20000101 "AFG" "CVL" "043"
20000101 "AFG" "GOV" "010"
20000101 "AFG" "GOV" "043"
20000101 "AFGGOV" "kasUAF" "0353"
20000101 "AFGGOV" "kasUAF" "084"
20000101 "AFG" "IGOUNO" "030"
20000101 "AFG" "IND" "042"
20000101 "AFG" "IND" "043"
end
What I would like to do is to isolate these events per country.
For instance, I would like to create a variable for the US where, for each date, I have all the times that the US was either a target or a source, and their respective cameo code. I have a considerable number of countries but only need a subset of them and I know their names in advance.

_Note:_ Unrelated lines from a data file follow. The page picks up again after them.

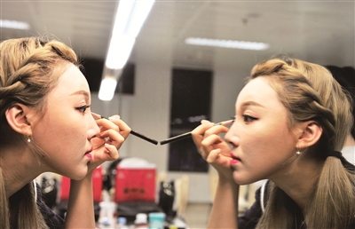 在开演前两个小时,记者来到剧场进行探访。在化妆间里,演员们都在进行服装、定妆等最后的准备工作。在剧中饰演男主人公妻子黄娜的女演员崔琬正在对着镜子一丝不苟的化妆。
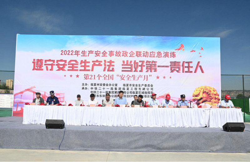 6月29日,由臨夏州安委會(huì)辦公室、臨夏市安委會(huì)主辦,中鐵二十一局臨夏工程公司、四公司臨夏區(qū)域指揮部、臨夏市東郊生態(tài)公園建設(shè)項(xiàng)目EPC總承包項(xiàng)目部聯(lián)合承辦的2022年生產(chǎn)安全事故政企聯(lián)動(dòng)應(yīng)急演練活動(dòng)在臨夏市東郊生態(tài)公園建設(shè)項(xiàng)目EPC總承包項(xiàng)目施工現(xiàn)場如期展開。
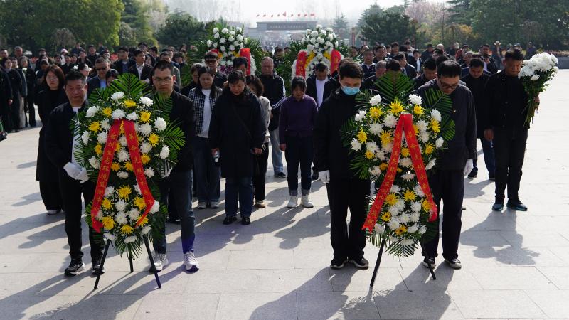 松柏苍翠寄哀思,丰碑巍峨映初心。在镌刻着邓小平同志“淮海战役烈士永垂不朽”金色大字的烈士纪念碑前,全体人员整齐肃立。祭扫仪式在雄壮的国歌声中拉开序幕,干部职工脱帽默哀,向为民族独立与人民解放事业英勇献身的革命先烈致以深切缅怀。随后,中心代表缓步敬献花篮,仔细整理挽联,全体人员依次绕行瞻仰纪念碑,在静默中追忆那段气壮山河的峥嵘岁月。
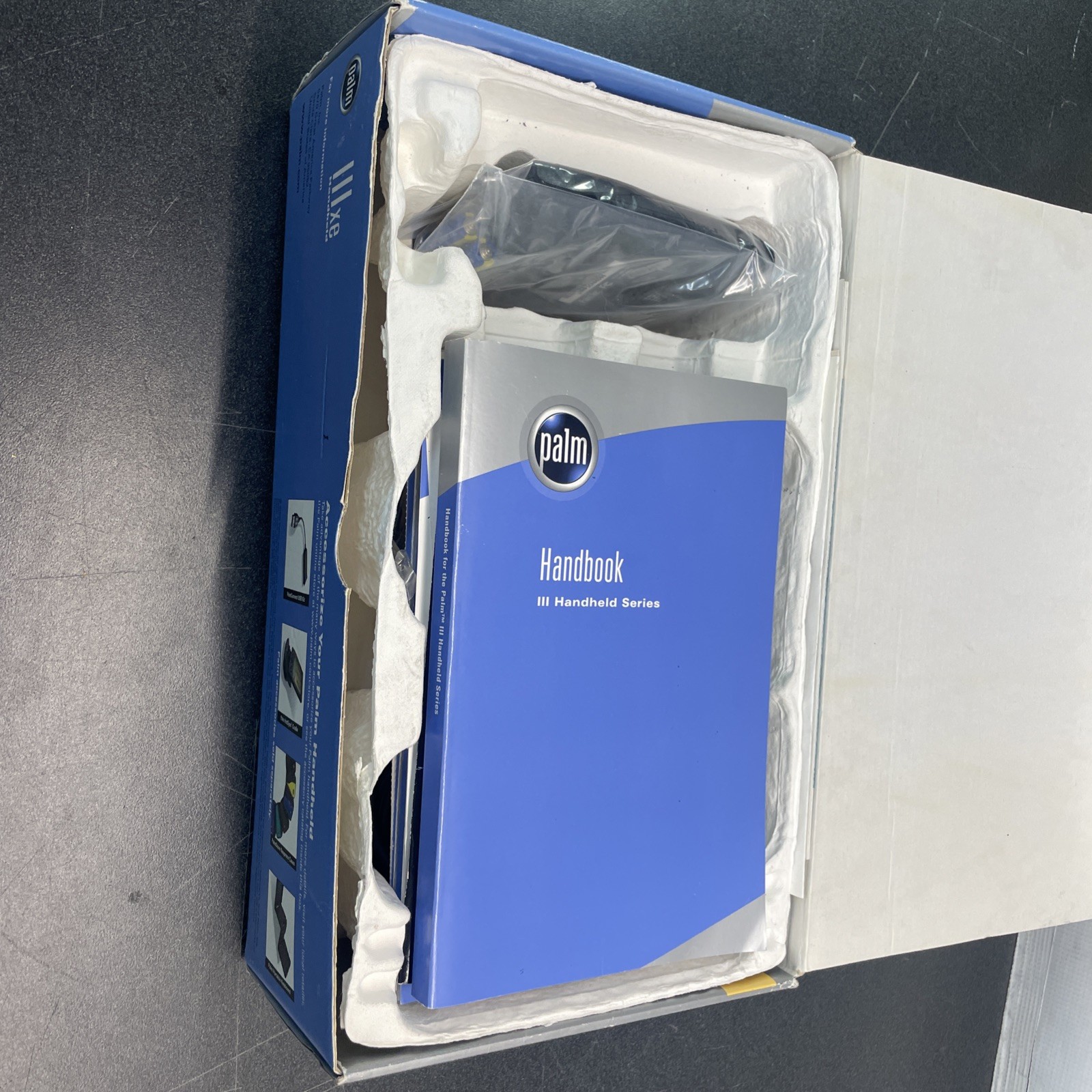 Palm III XE PDA Handheld Personal Organizer Original Box Manuals Disc Cradle VTG
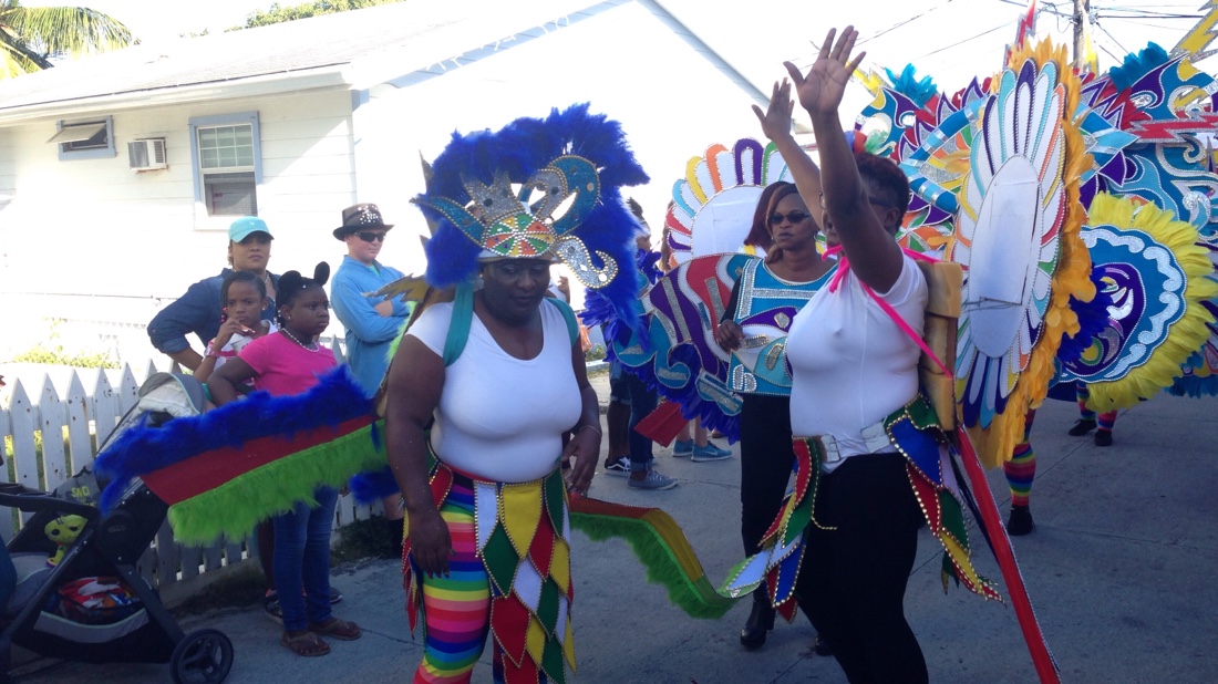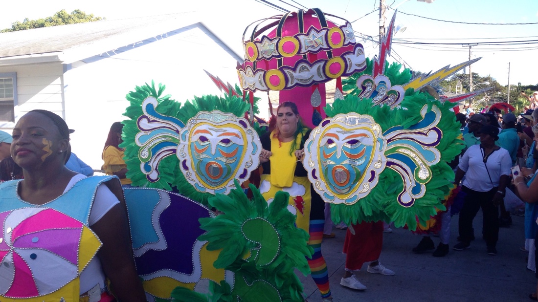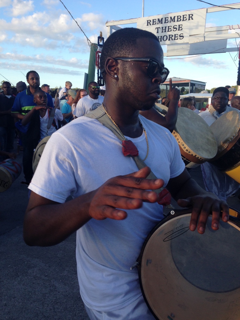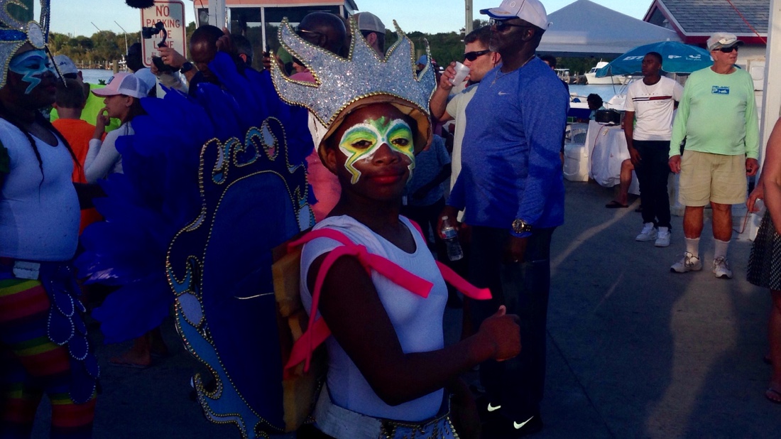 Junkanoo is a Bahamas street parade with dancing, music, and costumes held on Boxing Day and New Years Day. Green Turtle has Junkanoo on New Year’s Day and we made a point of staying for it. The normally quiet streets of the settlement of New Plymouth were filled with vendors and spectators. In typical Bahamian style, the parade started about an hour late giving everyone a chance to eat, drink, and enjoy each other’s company.
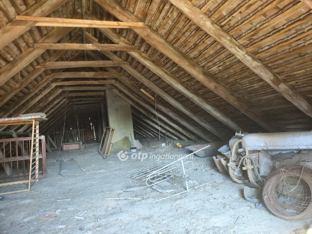 A tetőn régi kis cserepek vannak ugyan, de gerince nyílegyenes, szarufái kiállták az idő rohamait. A telek éppen elég arra, hogy gyermeknek játszósziget kerüljön kialakításra, míg a telek végében műhely, ólak és egy beton alapú garázs-kezdemény található. A betonalap falazhatóra került kialakításra, de ezenfelül igény szerint kialakítható. A ház verandája közel 30 négyzetméternyi, beépítése esetén 120 négyzetméteres élettér is elérhető.
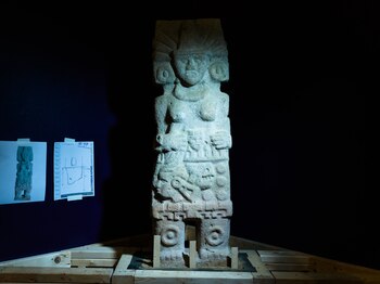 En el Periodo Clásico (200 a 950 d. C.), "lo único que tenemos son figurillas de cerámica de este tamaño", prosiguió en una videollamada, con las manos separadas unos 30 centímetros. "Son hermosas, exquisitas, pero tener algo en piedra sería realmente extraordinario".
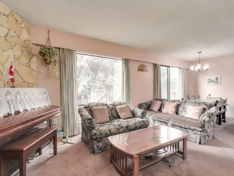 Price is approx. 200,000 below assessment. This charming home, nestled in a quiet and desirable North Vancouver neighborhood, sits on a generous 10,000 sq.ft. lot and boasts a 2,805 sq ft., offering endless possibilities for renovation or a custom dream home. The SW-facing backyard is fully fenced and backs onto a peaceful walkway, providing privacy and a serene setting. Inside, the main floor features a formal dining room, a kitchen with a breakfast nook, a Family with a cozy fireplace, a Den, and a unique vaulted sunken Living Room with a second fireplace, perfect for gatherings. Upstairs, you'll find 3 well-designed Bedrooms, offering plenty of space for a growing family, plus additional space in the Basement.
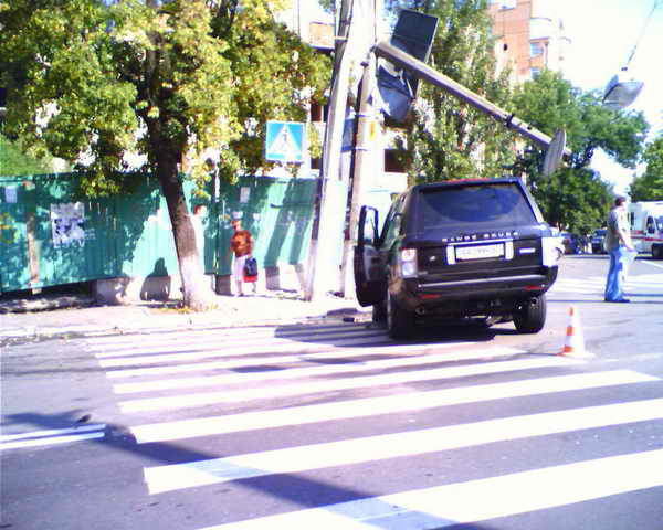Судя по столбу - удар был сильный. И "Рейндж Ровер" показал неплохую прочность... Не помню, он рамный?
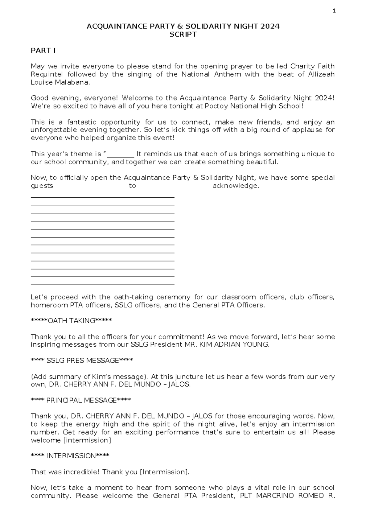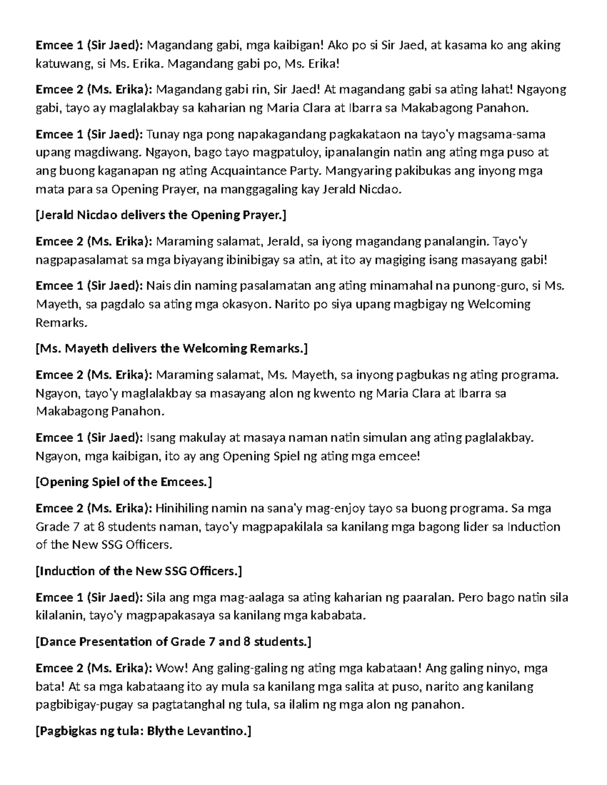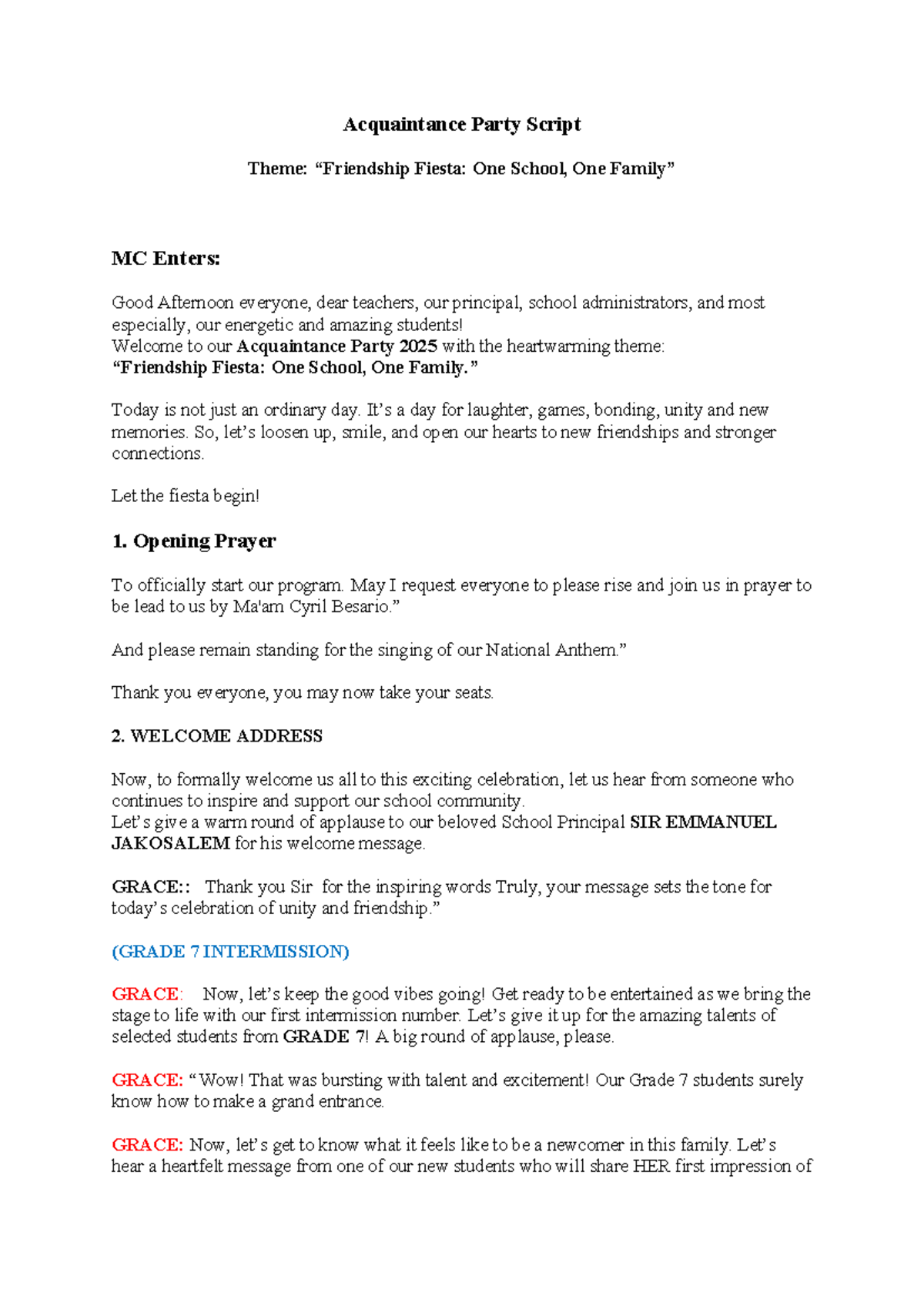 Emcee Script for Acquaintance Party: Grade 7-11 Celebration - Studocu
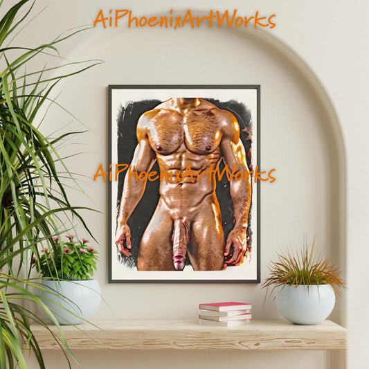 Business Casual | NSFW Gay Erotic Art PRINT | Queer Masculine Nude Wall Art | LGBTQ+ Homoerotic Illustration | AiPhoenixArtWorks
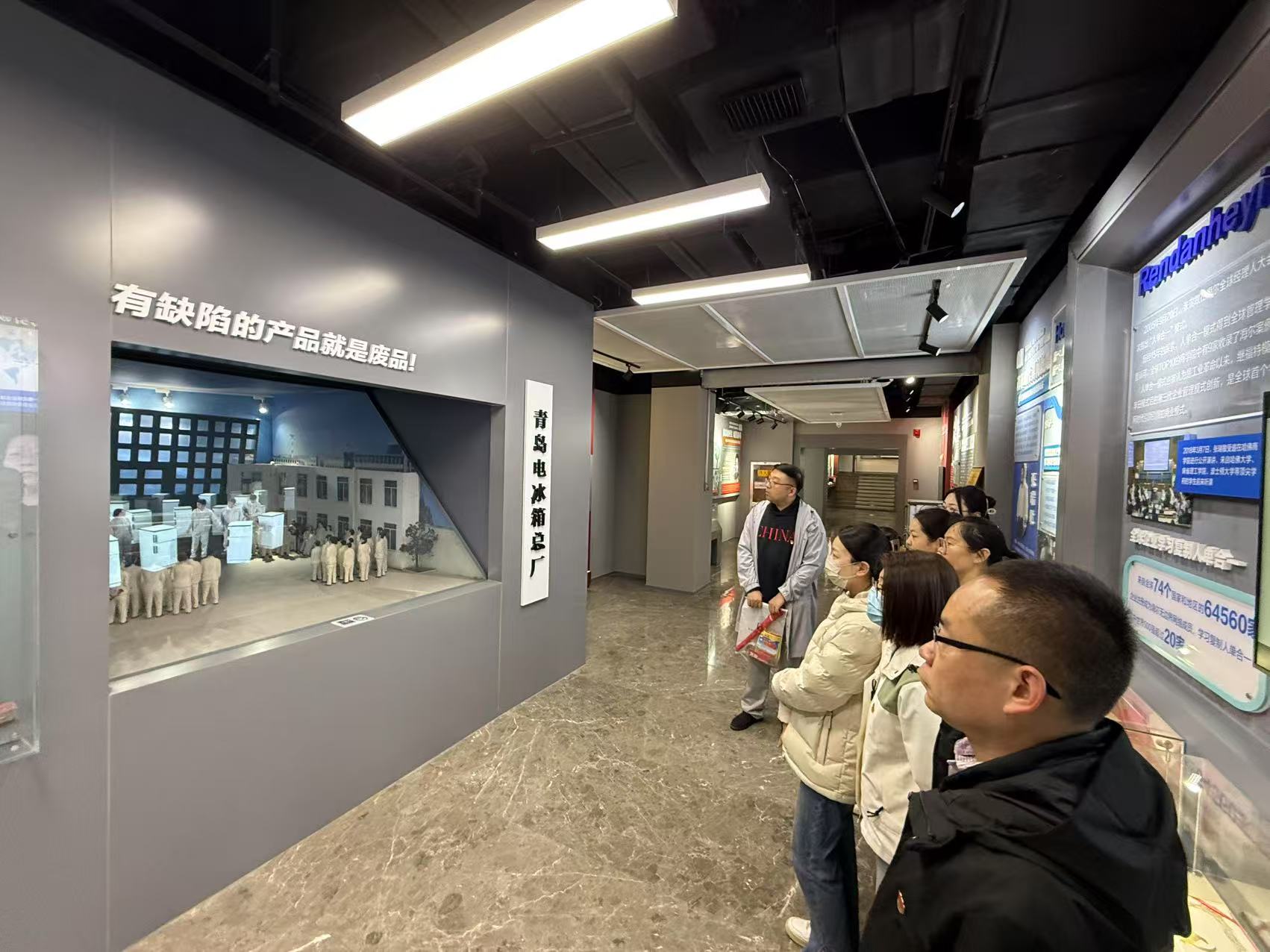 在講解員的帶領下,黨員們依次參觀了“工業之基”“品牌之都”“匠心之城”三大主題展廳及勞動體驗區。通過全息投影、沉浸式數字沙盤、幻影成像等創新技術,黨員們仿佛置身于歷史現場,親眼目睹郝建秀創新工作法的傳奇誕生,感受張瑞敏揮錘砸冰箱的震撼瞬間,領略許振超團隊九破世界紀錄的輝煌成就。每一個細節都生動展現了勞模精神、勞動精神、工匠精神的深刻內涵,讓黨員們深受觸動。

As you can see in the example, the first variable is date, which for these cells is always 2000101
but after a couple of hundreds observations it changes to 2000102
, denoting a change in day.
The second variable source_01
is a country attacking another one. In the example, IND
is India, AFG
is Afghanistan and the other codes are other countries.
The third variable target_01
is just the victim of the conflict.
Finally, cameocode_01
is a level of intensity of conflict measured with some algorithm that tracks the news in each language.
What I am after is to create a new (per country) variable that extracts the cameo code of that event if a specific country is involved either as source or target.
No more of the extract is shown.